Derby implementation of the Write Ahead Log
Derby implements the Write Ahead Log using a non-circular file system file. Here are some comments about current implementation of recovery:
Derby supports simple media recovery. It has support for full backup/restore and very basic form of rollforward recovery (replay of logs using backup and archived log files).
1. Derby fully supports crash recovery, it uses java to correctly sync the log file to support this.
2. I would say derby supports media recovery. One can make a backup of the data and store it off line. Logs can be stored on a separate disk from the data, and if you lose your data disk then you can use rollforward recovery on the existing logs and the copy of the backup to bring your database up to the current point in time.
3. Derby does not support "point in time recovery". Someone may want to look at this in the future. Technically I don't think it would be very hard as the logging system has the stuff to solve the hard problems. It does not have an idea about "time" - it just knows log sequence numbers, so need to figure out what kind of interface a user really wants. A very user unfriendly interface would not be very hard to implement which would be recover to a specific log sequence number. Anyone interested in this feature should add it to jira - I'll be happy to add technical comments on what needs to be done.

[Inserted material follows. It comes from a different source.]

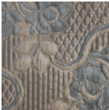
1531-03 CARMONTEL - BLEU *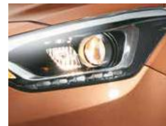
Projector Headlamps with LED DRL, Positioning and Cornering Lamps

4. A reasonable next step in derby recovery progress would be to add a way to automatically move/copy log files offline as they are not needed by crash recovery and only needed for media recovery. Some sort of java stored procedure callout would seem most appropriate.

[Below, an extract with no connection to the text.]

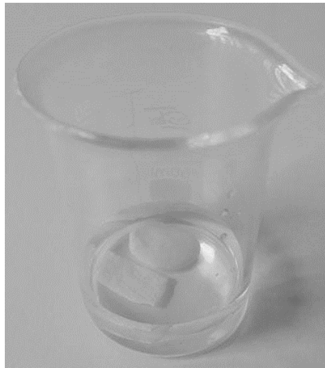
Fig. 3. Sample of bone cement immersed of SBF solution

the so-called SBF (simulated body fluid) are Ringer's fluid and Hank's fluid with an ionic composition similar to human blood plasma and Ph 7,4. The test involves placing the specimen in solution at 37 °C for 4 weeks. The structure of the bone cement is then analyzed using microscopy, e.g. SEM (Fig. 4)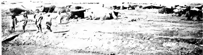
NOMAD ENCAMPMENTS ROUND JEDABIA

The 'log' is a stream of log records. The 'log' is implemented as a series of numbered log files. These numbered log files are logically continuous so a transaction can have log records that span multiple log files. A single log record cannot span more than one log file. The log file number is monotonically increasing.

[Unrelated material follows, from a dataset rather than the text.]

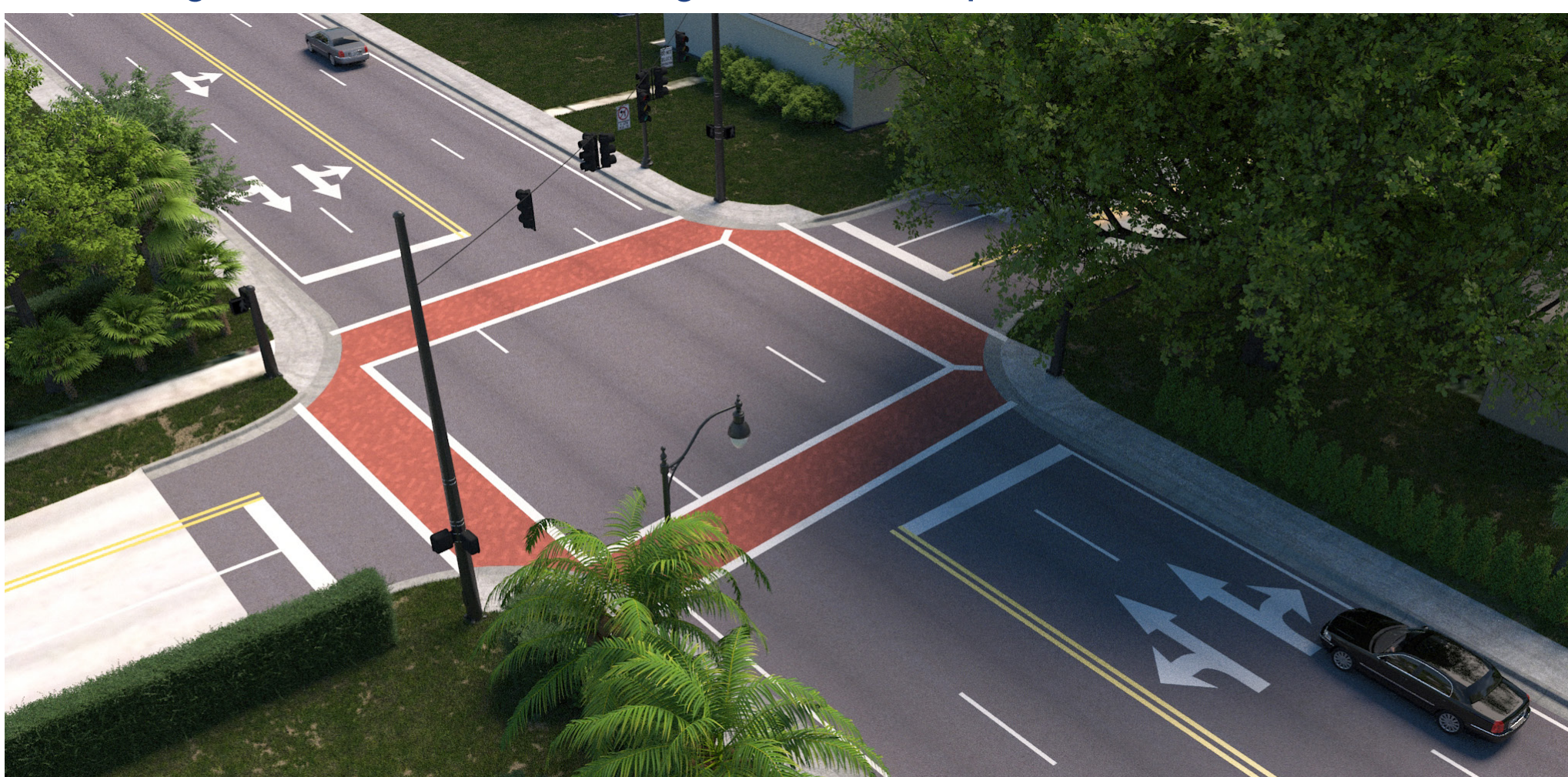
Existing View S.R. 426 Looking East at Phelps Avenue

The log belongs to a log factory of a RawStore. In the current implementation, each RawStore only has one log factory, so each RawStore only has one log (which is composed of multiple log files). At any given time, a log factory only writes new log records to one log file, this log file is called the 'current log file'.
A log file is named log logNumber .dat
With the default values, a new log file is created (this is known as log switch) when a log file grows beyond 1MB and a checkpoint happens when the amount of log written is 10MB or more from the last checkpoint.
RawStore exposes a checkpoint method which clients can call, or a checkpoint is taken automatically by the RawStore when:
- The log file grows beyond a certain size (configurable, default 1MB)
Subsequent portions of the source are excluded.